While it might seem tempting to pay for some new friends, it's not worth it. 


Elizabeth Fein


Posted on Sep 11, 2014   Updated on May 30, 2021, 2:55 pm CDT

Managing social media is very time consuming. For me, it encompasses copy, low-level graphic design, photography, story-telling, and navigating relationships with hundreds of people. I love it, but it can be exhausting. When I spend a lot of time on content and it flops, this little devil on my shoulder tells me to just buy likes. I could also just buy followers. It would be so easy and I could feel popular for a fleeting moment. It would make my failure a success right? Wrong! Next time you get that urge, don’t do it. Here’s why.

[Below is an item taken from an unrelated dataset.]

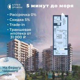 ЗВОНИТЕ ПРЯМО СЕЙЧАС, ЧТОБЫ ПОЛУЧИТЬ ВЫГОДУ ДО 650 000 руб!Скидка 5% при условии 100% оплаты либо ипотека.АКЦИИ:* Ипотека от 14,7%* ТРАНШЕВАЯ ИПОТЕКА - ПВ от 20%, платежи от 31000 в месяц* Рассрочка 0% до 2028г. ПВ от 20%* Бронь на 30 дней* 5 мин до моря пешком, планировки от 30 кв.м.* Высота потолков 3 м , предчистовая и чистовая отделка* Ипотека от СБЕРБАНКА* Доходность инвестиций от 30% годовых. * Сдача в аренду от управляющей компании (доверительное управление) позволяет получать доход от сдачи апартаментов без вашего участия* Безопасная сделка по ФЗ-214/эскроу-счёта''Аллея Дружбы'' — это комплекс апартаментов бизнес-класса в Евпатории, расположенный в 5 минутах прогулки от золотистых пляжей Чёрного моря. Два современных 12-этажных корпуса с панорамными видами на море объединены стильным стилобатом с центральным входом и бутиковыми retail-площадями, а закрытая территория и подземный паркинг обеспечивает приватность и безопасность.АРХИТЕКТУРА И КОНСТРУКТИВНЫЕ ОСОБЕННОСТИ:•12-этажное здание в авторском архитектурном стиле•Высота потолков (от 2,9 м до 3,1 м) •Эксклюзивное решение для первых этажей (высота потолков 3,4м)•Евро планировки с террасами и гардеробными•Панорамное ламинированное остекление •Индивидуальные келлеры•Видовые лоты на море•Высокоскоростные лифты по концепции 5* отеля•Предусмотрено резервное электроснабжение•По проекту предусмотрено место для кондиционера и практическое решение для маскировки коммуникацийЛОКАЦИЯ И ОКРУЖЕНИЕ:•До центра Евпатории - 7 минут на машине •Пляж - всего 5 минут пешком •Рядом с комплексом развитая инфраструктура (рестораны, магазины, кафе, медицинские учреждения, санатории) ГОСТЕПРИИМСТВО И БЕЗУПРЕЧНЫЕ СЕРВИСЫ: •Управляющая компания премиум-класса•Консъерж-сервис 24/7•Доставки продуктов и готовой еды•Зона ресепшн оформлена в стилистике комплекса•Лобби с атмосферным кафе и зонами для чтения•Премиальное решение для мест общего пользования•Интерактивная детская комната для самых маленьких •Пункты выдачи товаров от маркетплейсов•Гостевые парковочные места•Организовано место для хранения колясок ваших малышей•Ремонт на выбор ''Комфорт-формат'' и ''Гранд-формат''БЕЗОПАСНОСТЬ И ТЕХНОЛОГИИ СПОКОЙСТВИЯ:•Закрытая территория, двор без машин•Система контроля доступа (строго по электронным пропускам)•Подземный паркинг с тремя типами машиномест •Выделенные места для велосипедов•Камеры видеонаблюдения •Круглосуточный ресепшн •Телеметрия - автоматический сбор и передача данных с приборов учета апартамента минимизирует ошибки и мошенничество•Система умного апартамента с дистанционным управлением БЛАГОУСТРОЙСТВО ТЕРРИТОРИИ: •Ландшафтный дизайн по проекту (2 334 м² озеленения) •Прогулочные аллеи и зоны отдыха для расслабления и медитации•Коворкинг-зоны с высокоскоростным Wi-Fi для бизнес-переговоров•Детские и спортивные площадки •В апарт-комплексе вас ждут мини-маркет и магазин повседневных товаров•Специальное пространство д

1) You won’t grow or learn from your mistakes

Followers are honest. They don’t like things they don’t like (most of the time). You may want 100 likes on a picture, but 100 people may not actually like your picture. If you buy likes, you are robbing yourself of a learning opportunity and ignoring what your followers are telling you. If you listen, you will grow and your content will get better. You may say to yourself: “People are more willing to like something if it has 100 likes!” It’s true. You might get some people jumping on the bandwagon, but I have never wanted to be a wagon driver. Have you?

2) Fake data are bad data

Bought numbers have no value. We can’t run analysis or give accurate reports to clients if fake followers/likes are muddling up data sets. Being able to help clients see successes and failures through numbers is something we pride ourselves on.

3) It’s dishonest

If you want people to like you, be a likable person. When I see people on Twitter like Brian Fanzo (@iSocialFanz) and Marji J. Sherman (@MarjiJSherman), who have a ton of followers, I ask myself: “Why?” If you interact with either of them, you will quickly find out why. They are nice people. They are honest, positive, and consistently engage with followers. Cultivate honest relationships and you will build a community you can be proud of.

4) It’s lazy

It takes time to get to know your audience and learn what they want from you. Iterate is a new company and we are still experimenting with content. I have to spend a good chunk of time every couple of days listening to my followers through analytics. It’s work, but it pays off. Be active and engaged on your social media platforms. Using Brian as an example again: he works hard. Check out his post about Twitter chats. His chat schedule is insane. If you want that kind of following, you need to have that kind of engagement.

5) It’s obvious

Maybe the casual social media user won’t notice the followers you bought, but most people will. Fake followers have strange names, a small amount of content on their account, and they never engage with you. It reminds me of Lars and the Real Girl. They are there to make you feel better, but they don’t actually add value to your life. They just sit there pretending to be something they are not.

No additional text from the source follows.